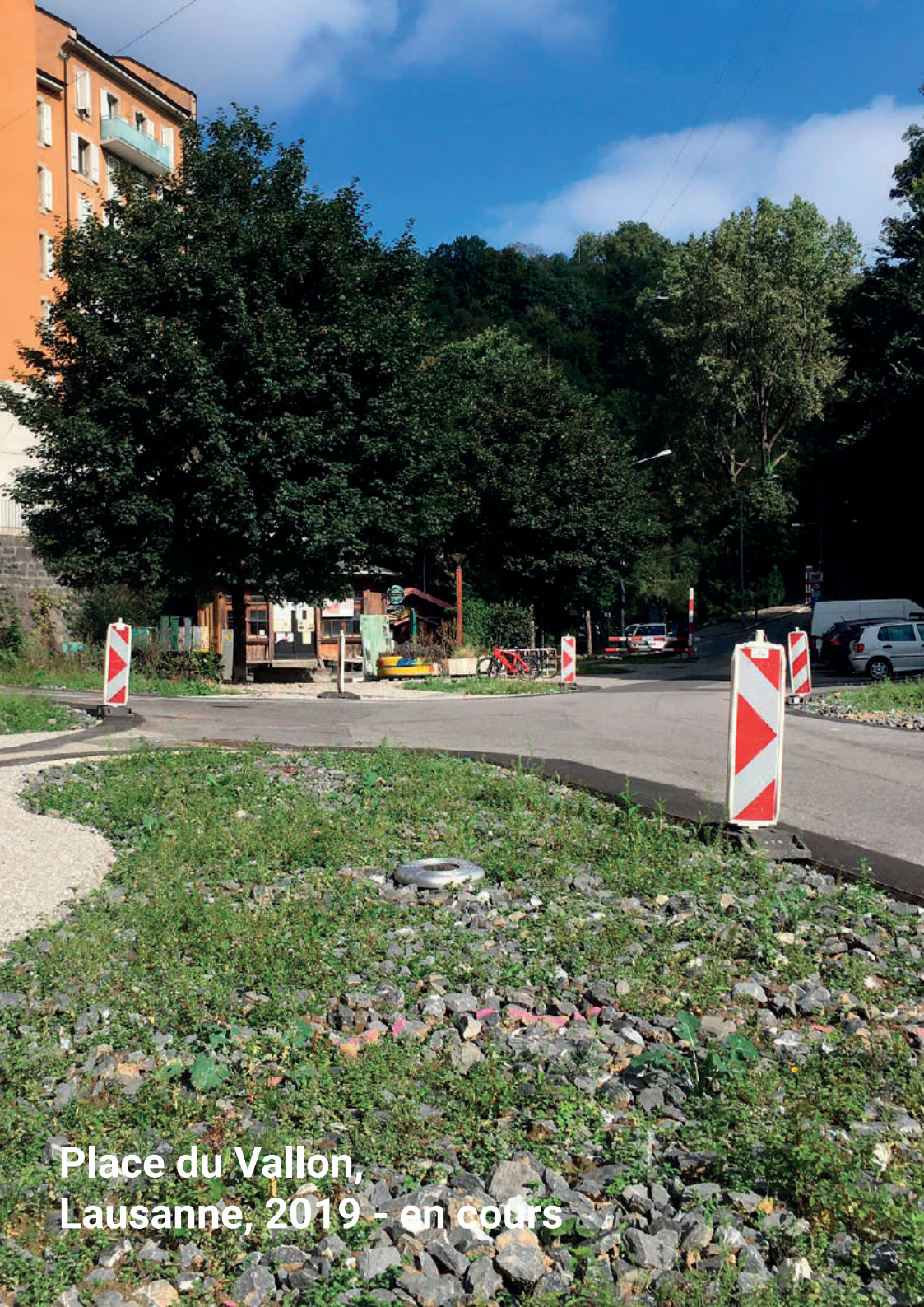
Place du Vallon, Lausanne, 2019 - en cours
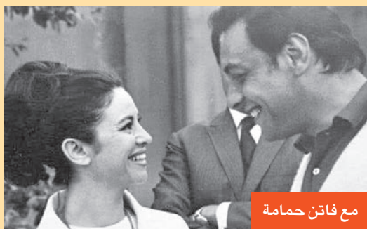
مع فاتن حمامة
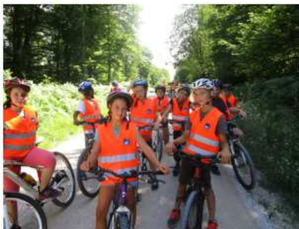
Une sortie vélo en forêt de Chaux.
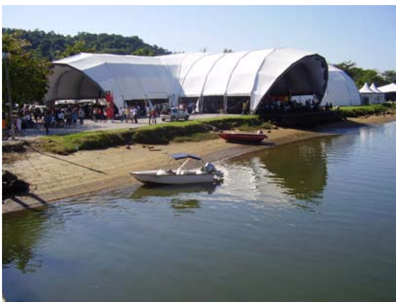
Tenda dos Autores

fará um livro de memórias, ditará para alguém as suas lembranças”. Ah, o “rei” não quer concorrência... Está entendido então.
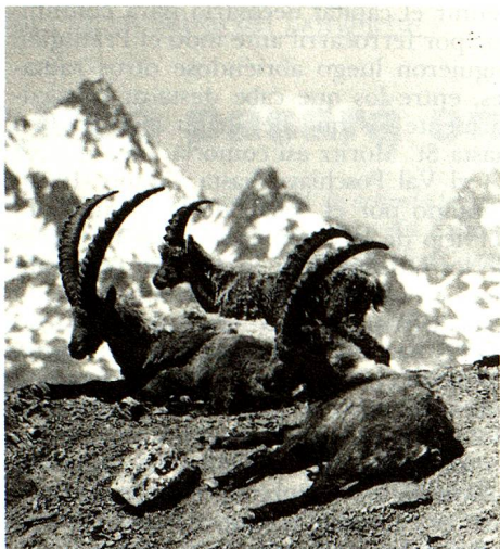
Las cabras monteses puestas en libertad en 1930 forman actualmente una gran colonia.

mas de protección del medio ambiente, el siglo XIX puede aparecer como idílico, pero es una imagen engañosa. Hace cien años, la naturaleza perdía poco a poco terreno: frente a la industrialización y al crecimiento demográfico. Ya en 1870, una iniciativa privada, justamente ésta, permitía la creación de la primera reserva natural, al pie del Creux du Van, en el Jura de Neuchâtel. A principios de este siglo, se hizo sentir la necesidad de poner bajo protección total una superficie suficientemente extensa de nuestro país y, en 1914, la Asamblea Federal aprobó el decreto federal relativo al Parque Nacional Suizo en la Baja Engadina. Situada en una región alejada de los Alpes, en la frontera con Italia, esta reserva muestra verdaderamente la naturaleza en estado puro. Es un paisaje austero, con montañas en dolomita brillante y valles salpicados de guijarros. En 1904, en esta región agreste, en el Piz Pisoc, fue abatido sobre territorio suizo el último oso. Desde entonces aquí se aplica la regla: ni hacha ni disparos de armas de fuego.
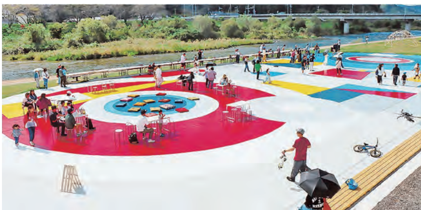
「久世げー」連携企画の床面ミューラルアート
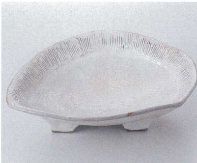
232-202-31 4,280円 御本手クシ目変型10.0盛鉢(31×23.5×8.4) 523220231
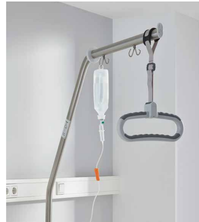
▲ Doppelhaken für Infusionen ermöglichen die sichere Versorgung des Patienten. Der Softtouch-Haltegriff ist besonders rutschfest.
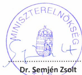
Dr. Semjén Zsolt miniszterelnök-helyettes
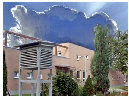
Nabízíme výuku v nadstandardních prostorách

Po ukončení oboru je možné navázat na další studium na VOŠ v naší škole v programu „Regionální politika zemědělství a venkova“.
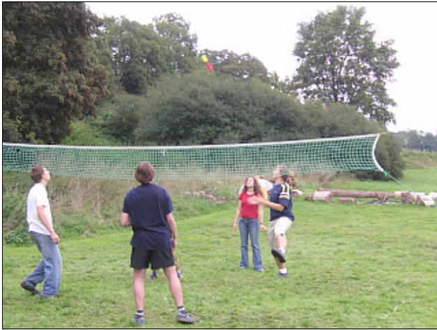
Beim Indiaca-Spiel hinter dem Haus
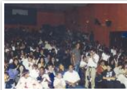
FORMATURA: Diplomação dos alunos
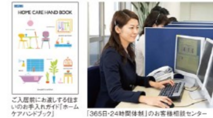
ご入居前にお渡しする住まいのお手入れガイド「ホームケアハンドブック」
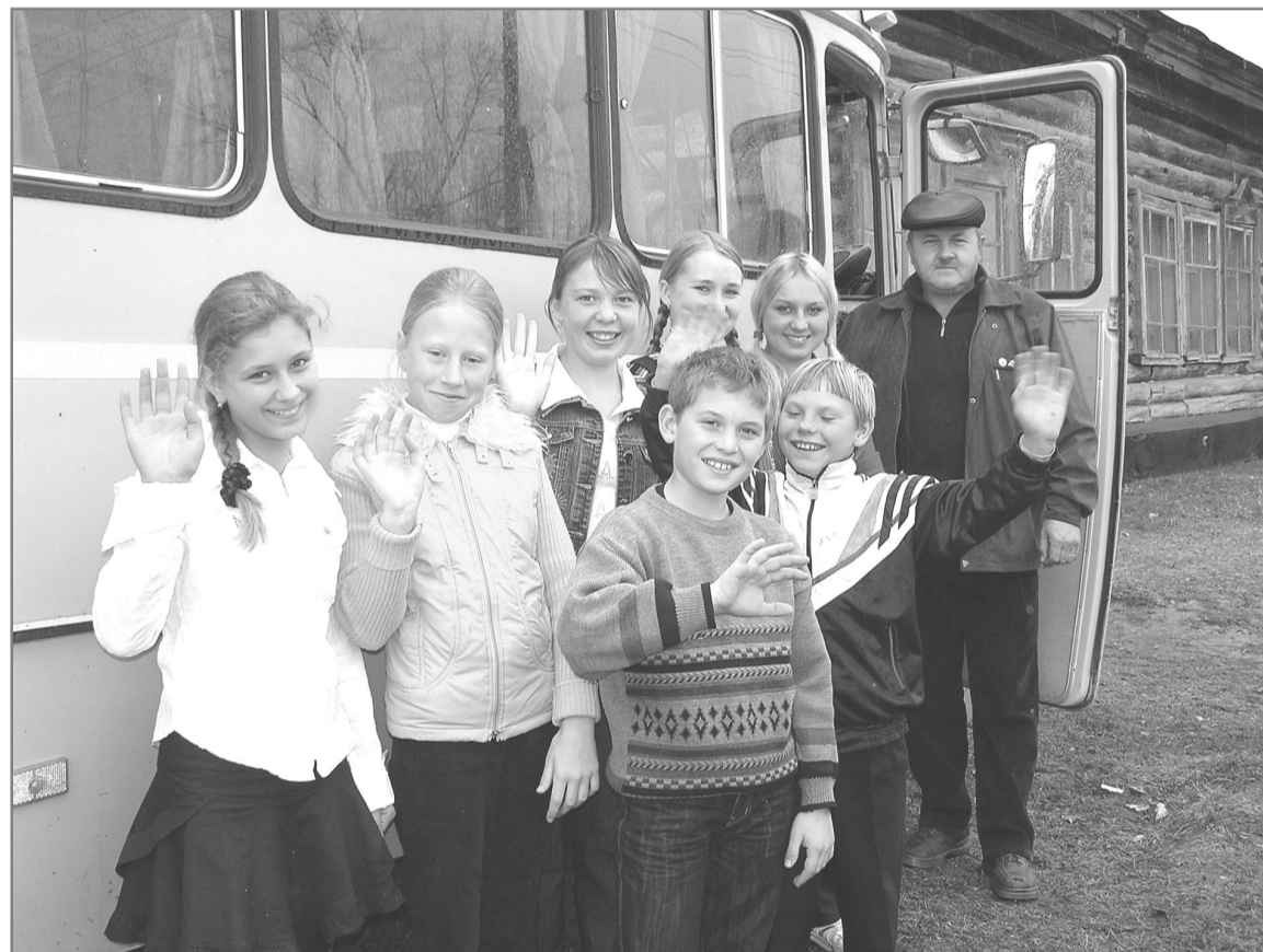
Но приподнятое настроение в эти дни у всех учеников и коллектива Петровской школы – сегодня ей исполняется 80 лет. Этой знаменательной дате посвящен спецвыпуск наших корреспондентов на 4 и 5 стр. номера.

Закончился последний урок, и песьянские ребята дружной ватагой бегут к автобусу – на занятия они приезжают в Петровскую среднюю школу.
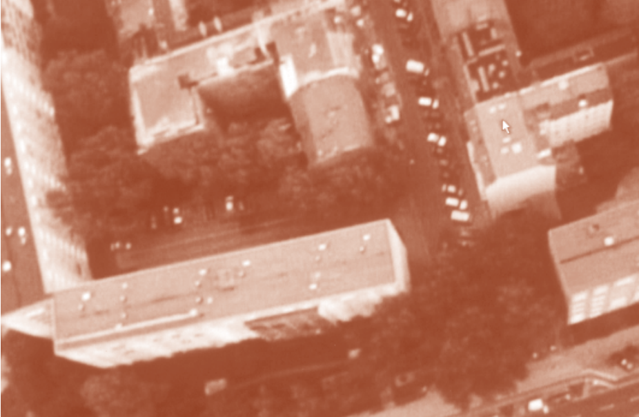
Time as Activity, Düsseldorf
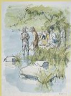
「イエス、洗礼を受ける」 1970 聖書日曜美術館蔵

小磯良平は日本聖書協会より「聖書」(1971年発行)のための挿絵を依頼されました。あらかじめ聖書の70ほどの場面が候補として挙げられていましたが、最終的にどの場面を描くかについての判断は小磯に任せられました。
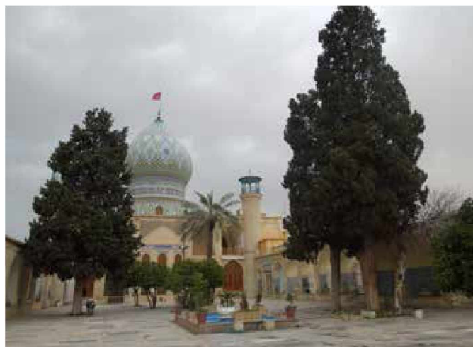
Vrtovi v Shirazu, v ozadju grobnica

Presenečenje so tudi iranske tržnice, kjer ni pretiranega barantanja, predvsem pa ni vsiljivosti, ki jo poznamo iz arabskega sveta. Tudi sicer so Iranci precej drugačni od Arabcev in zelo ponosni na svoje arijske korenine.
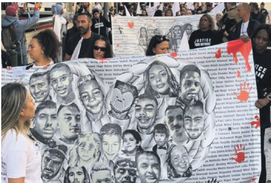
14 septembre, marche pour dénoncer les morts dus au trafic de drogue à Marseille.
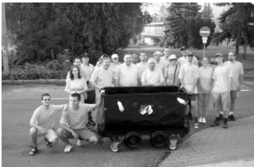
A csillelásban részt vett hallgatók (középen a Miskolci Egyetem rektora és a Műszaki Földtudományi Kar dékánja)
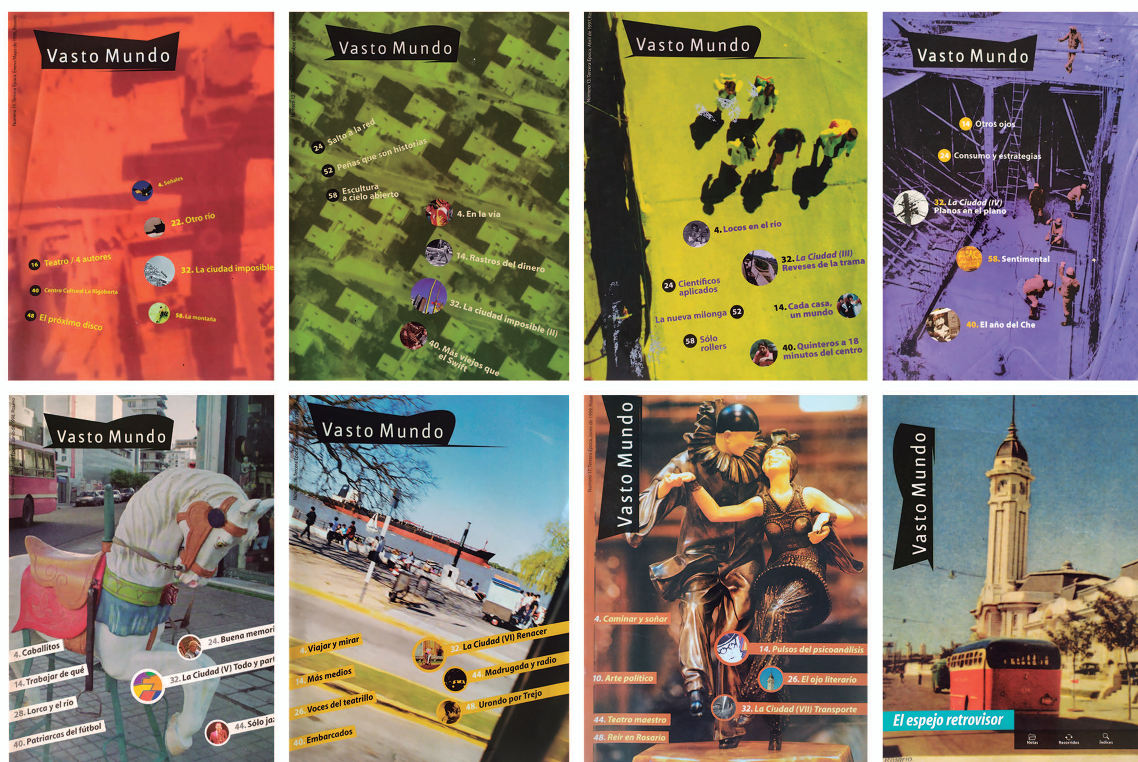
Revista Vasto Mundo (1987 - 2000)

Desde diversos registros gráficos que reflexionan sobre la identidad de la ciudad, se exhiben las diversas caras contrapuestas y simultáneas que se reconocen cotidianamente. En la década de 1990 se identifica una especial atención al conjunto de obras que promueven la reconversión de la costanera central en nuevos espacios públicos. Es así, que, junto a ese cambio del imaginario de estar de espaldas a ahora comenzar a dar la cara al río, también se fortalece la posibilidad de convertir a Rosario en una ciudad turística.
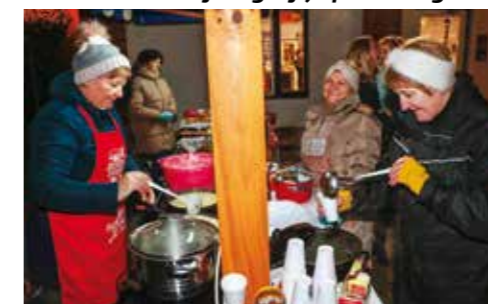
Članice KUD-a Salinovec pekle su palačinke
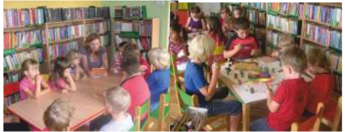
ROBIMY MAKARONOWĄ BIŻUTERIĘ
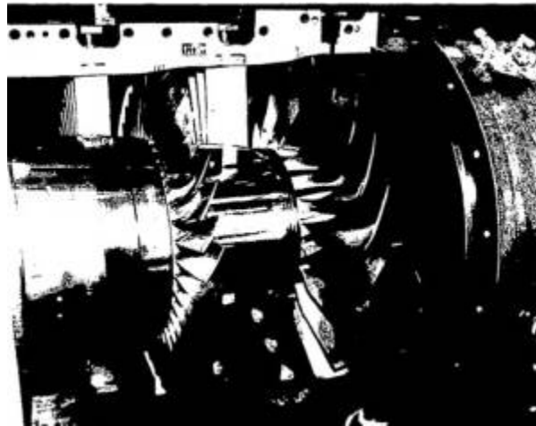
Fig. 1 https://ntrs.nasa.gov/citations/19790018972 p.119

####################

#### [What you are asked to do]
Take the lines above starting at the one containing "Dr. Semjén Zsolt miniszterelnök-helyettes" and ending at the one containing "Закончился последний урок, и", and print them again exactly, without pictures.

#### [Result for this exercise]
Dr. Semjén Zsolt miniszterelnök-helyettes
Nabízíme výuku v nadstandardních prostorách

Po ukončení oboru je možné navázat na další studium na VOŠ v naší škole v programu „Regionální politika zemědělství a venkova“.
Beim Indiaca-Spiel hinter dem Haus
FORMATURA: Diplomação dos alunos
ご入居前にお渡しする住まいのお手入れガイド「ホームケアハンドブック」
Но приподнятое настроение в эти дни у всех учеников и коллектива Петровской школы – сегодня ей исполняется 80 лет. Этой знаменательной дате посвящен спецвыпуск наших корреспондентов на 4 и 5 стр. номера.

Закончился последний урок, и песьянские ребята дружной ватагой бегут к автобусу – на занятия они приезжают в Петровскую среднюю школу.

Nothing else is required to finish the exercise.